===== DATASET EXCERPT

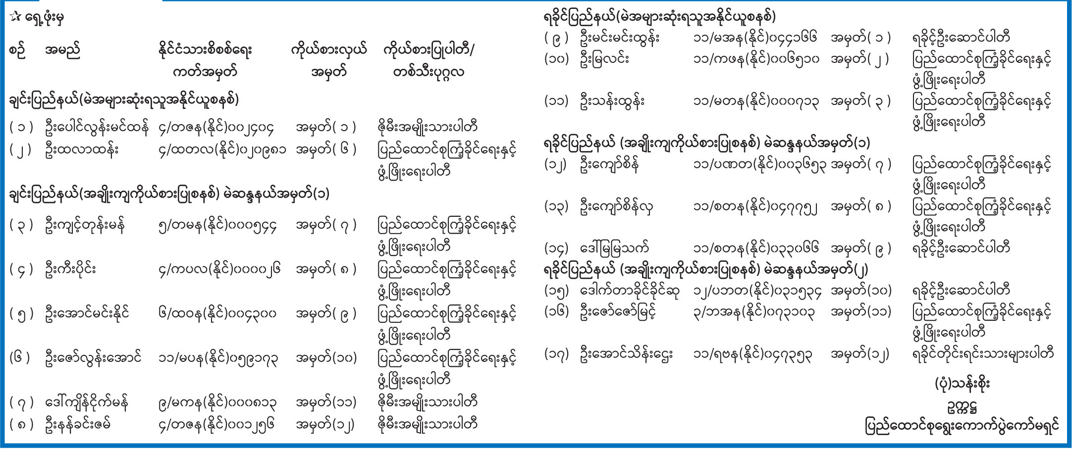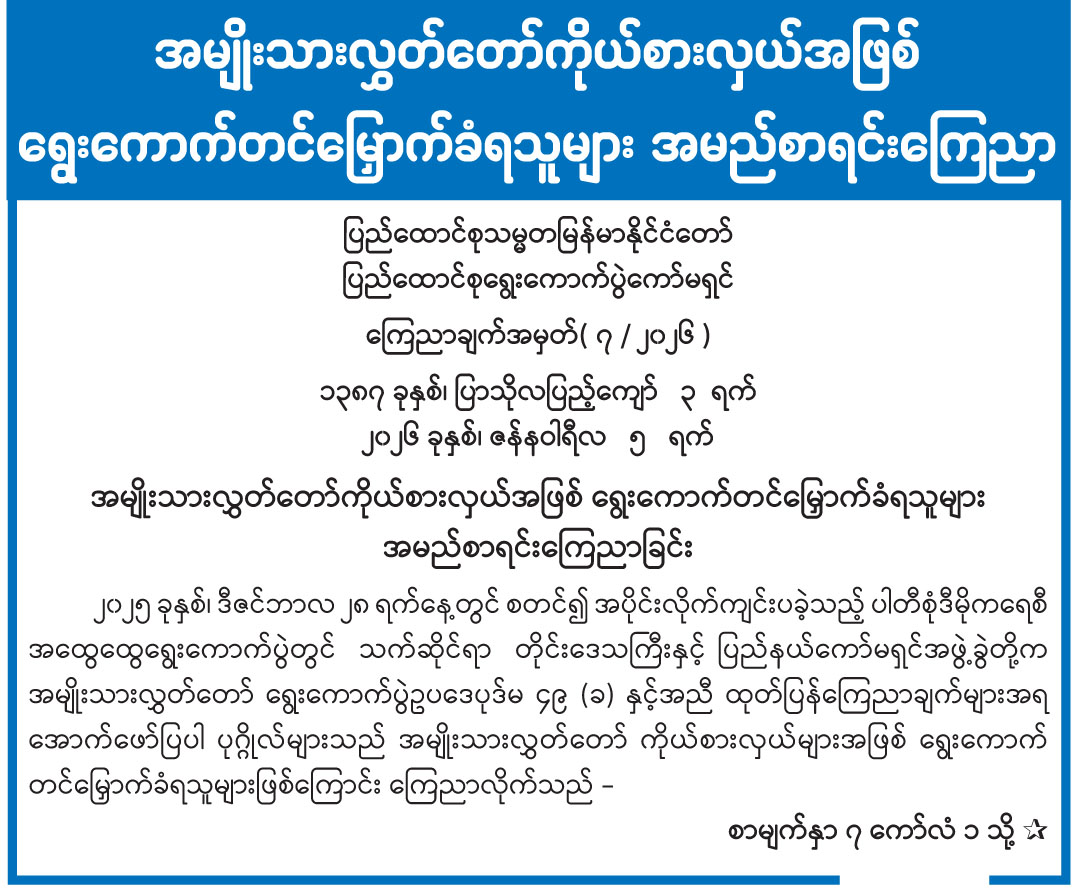 အမျိုးသားလွှတ်တော်ကိုယ်စားလှယ်အဖြစ် ရွေးကောက်တင်မြှောက်ခံရသူများ အမည်စာရင်းကြေညာ
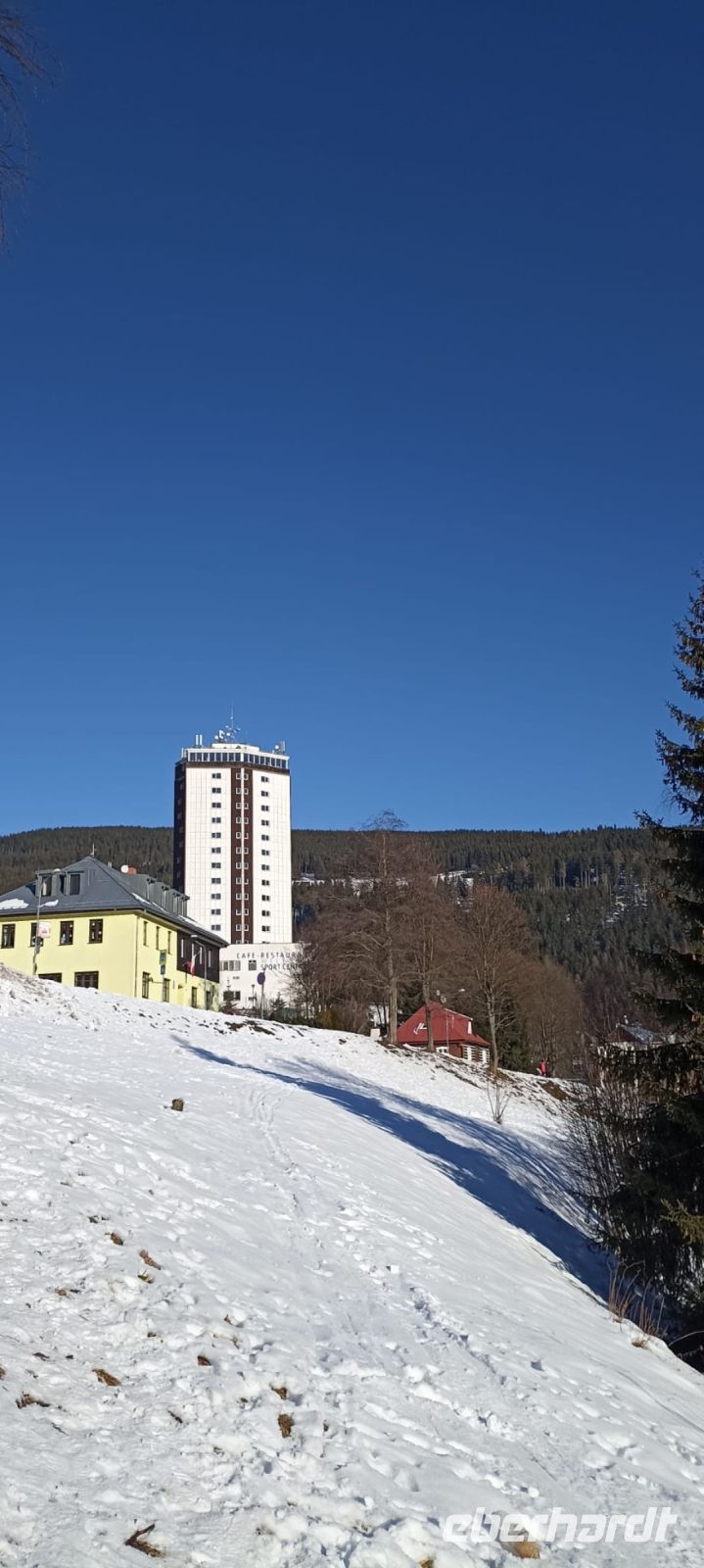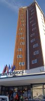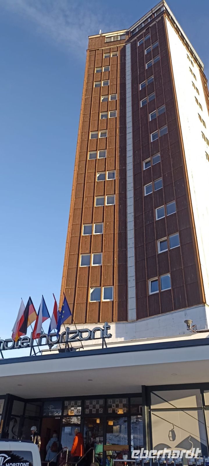 Unser Hotel „Horizont“ ein beeindruckendes 18-stöckiges Hochhaus, das einen fantastischen Blick über die verschneite Landschaft bietet.
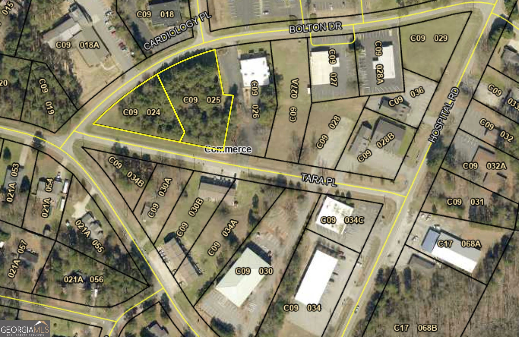 2 commercial lots in Downtown Commerce! C1 zoning allows for many different uses. One corner lot and one interior lot, both with road frontage on Tara Pl and Bolton Dr. Great site for an office building, medical practice, or small strip center. The corner lot would be ideal for a small convenience store, with close proximity to housing. City utilities are nearby. Call for more information!

==========

ASSIGNED TASK | Please produce an exact copy of the listing, omitting the pictures.

EXPECTED ANSWER |
 အမျိုးသားလွှတ်တော်ကိုယ်စားလှယ်အဖြစ် ရွေးကောက်တင်မြှောက်ခံရသူများ အမည်စာရင်းကြေညာ
 Unser Hotel „Horizont“ ein beeindruckendes 18-stöckiges Hochhaus, das einen fantastischen Blick über die verschneite Landschaft bietet.
 2 commercial lots in Downtown Commerce! C1 zoning allows for many different uses. One corner lot and one interior lot, both with road frontage on Tara Pl and Bolton Dr. Great site for an office building, medical practice, or small strip center. The corner lot would be ideal for a small convenience store, with close proximity to housing. City utilities are nearby. Call for more information!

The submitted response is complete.